A. If those failed items are at the top then they are left alone (failed) and all following delete operations are not processed (marked failed as it gets to them) but the queue is never stopped as might be expected if the command execution fail-safe is triggered.
B. If those failed items are anywhere else in the queue (middle for example, manually moved down for testing purposes) then they seem to be reset (no longer marked failed) when the queue begins. The queue then processed normally. If those items then fail (in my case they were folders queued for download that had been moved awaiting me to correct/requeue, so they did fail) they are of course marked as failed then the behavior continues as described in A above. This 'reset' does not occur if the failed items are at the top, confirmed by the status log not attempting to process them. I am assuming that this behavior is also tried to the fail-safe, perhaps resetting so that flashfxp can fully attempt to process a queue it thinks is entirely related to the custom command.
In short the issues I see here are...
1. Under these circumstances the fail-safe seems inconsistent as only delete operations are marked failed (no attempt to process) while the rest are performed.
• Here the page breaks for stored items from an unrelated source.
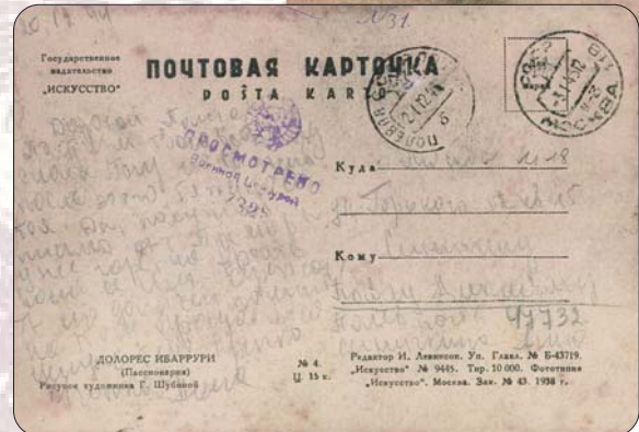
Reverso de la postal anterior. Correo de campaña, núm. 47732, del 54 Batallón de zapadores, 11ª Brigada de zapadores soviéticos. Marca de censura militar, matasellos del correo militar (21.12.1944) y de llegada a Moscú (03.01.1945).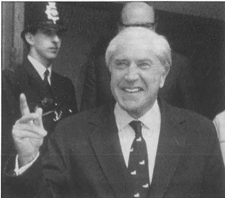
Tiny Rowland, disposat a tot per posseir Harrods.

T iny Rowland té els ulls blaus, com pràcticament tots els alemanys. En aquest aspecte no es diferencia massa dels milions d'alemanys que hi ha al món. El que fa que Rowland siga distint dels seus compatriotes és el seu sobrenom Tiny, que en anglès vol dir petit, quan gairebé fa dos metres d'alçada, i el fet de ser un dels homes més rics d'Anglaterra.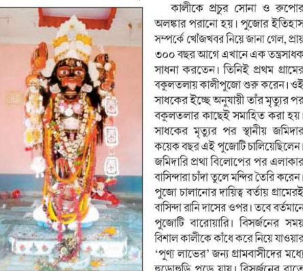
মুহুরী গ্রামের কালীপ্রতিমা।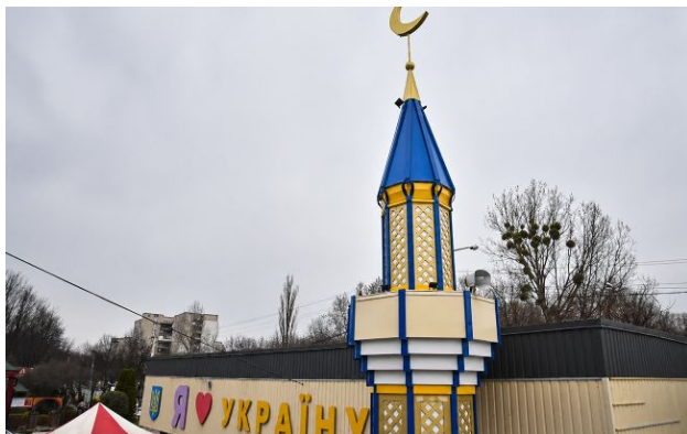
Фото: що відомо про нічний напад на ісламський центр

У Львові невідомий кинув дві пляшки із запальною сумішшю в Ісламський релігійно-культурний центр.

This could cause issues if other queue operations rely on on those files being removed (eg upload a new version, or move/rename another file to that filename/location). Given avoiding such potential problems was the point of the fail-safe it should cease processing the queue entirely.
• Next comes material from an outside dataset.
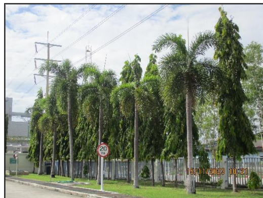
ภาพที่ 2.21 พื้นที่สีเขียวของโครงการฯ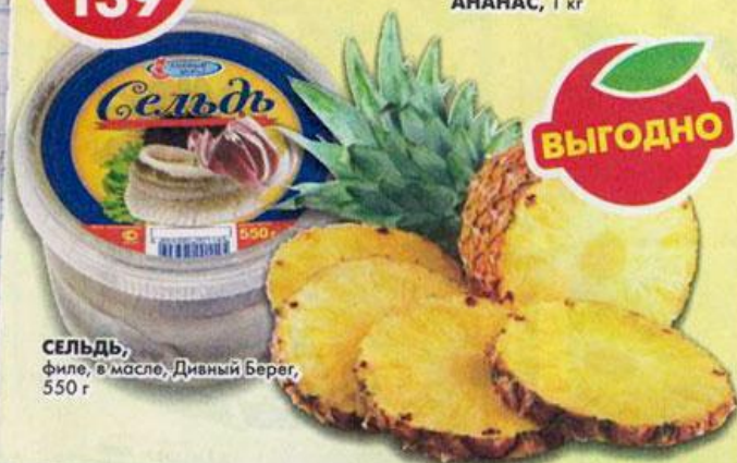
АНАНАС, 1 кг

2. It seems unwise that any items marked as failed should be reset, regardless of position, if there are un-failed items in the queue. I have not noticed this behavior in a regular transfer-only queue, only during custom commands that add non-transfer queue items. I have also not tested if this is a wider queue-reset behavior issue that would do the same if I had manually added a non-transfer queue item to a list of failed transfer items as I do not have time at the moment. My guess is that this is in fact a wider issue related to the reset behavior of the queue that may not be taking non-transfer items into consideration when determining if the queue should be reset, but the different behavior depending on the position of the items makes this unclear. Again I have not tested but my guess is that any transfer items are the top would remain un-reset, but any further down (after the first non-transfer item) would likely be reset. Will look closer at this when I have some more time.
Again, clearly I need to remember to always use a fresh session, but the above behaviors could just as easily arise in a clean session using custom commands that use both transfer and non-transfer operations (eg if a transfer operation fails at some stage it will then cause behavior B, rather than stop entirely).